I have thought about what I would have done in this robbery. I know if I had to I would have tired to defend my self and take deadly action. I probably would not have gone after the robber who left the store. In addition I would have kept my gun on the victim who was down just in case he made a aggressive move. Since everything went so fast I probably would not have known if he had a gun or not but after seeing one gun I would have assumed he was armed.

If the guy on the floor started to get up I would have probably shot him again since I would have considered him armed and dangerous. However if he was just groaning and moving a little I would have just kept him covered until the police arrived. I know that I would not have walked by him or up to him since I would have considered him a threat.

However that's me and I would have to assume that I would remain calm along with keeping a reasonable thought process after I just fired my gun and actualy shot someone. What I do know is that I couldn't walk up to a person who is down and not a threat and shoot him again.
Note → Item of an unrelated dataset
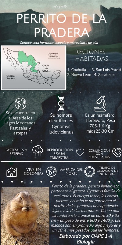 Perrito de la pradera, perrito llanero etc. pertenece al genero Cynomys familia de esciuridos. El cuerpo tosco, las cortas piernas y el rabo le proporcionan al perrito de las praderas una apariencia lejana a la de las marmotas. Tienen una circunferencia craneal de entre 30 y 35 cm y un peso de entre 800 y 1400 g. Los machos son en promedio algo mayores y un 10 % más pesados que las hembras.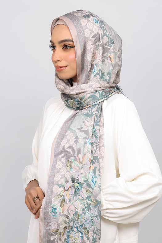• FREESTYLE : hijab is a one piece pre-sewn long rectangular shawl. Made of printed chiffon and lined with 100% cotton for opacity and structure. Match it with the straight Bokitta Inner.

While the video may looking damning it still doesn't show what the bad guy was doing on the floor. Unfortunately there is no sound to go with the video.

When I think of this case I know if a bad guy is down and not a threat we don't give policemen the green light to end their life. So this case will hinge around a jury that will have to figure out if the pharmacist still was in fear of his life. And to be honest from watching both angles of video I see no evidence to support that defense one way or the other. I simple can't see what the young man was doing on the floor. For all I know he was motionless on the floor or trying to get up and maybe had his hands under his body looking for a gun.

If I saw evidence that the pharmacist pumped 5 rounds into a unconscious person on the floor then I would have to find him guilty. That is the way the law reads and I agree with it. However if there is not 100% clear evidence of this then there would be a shade of doubt and I could not convict the pharmacist.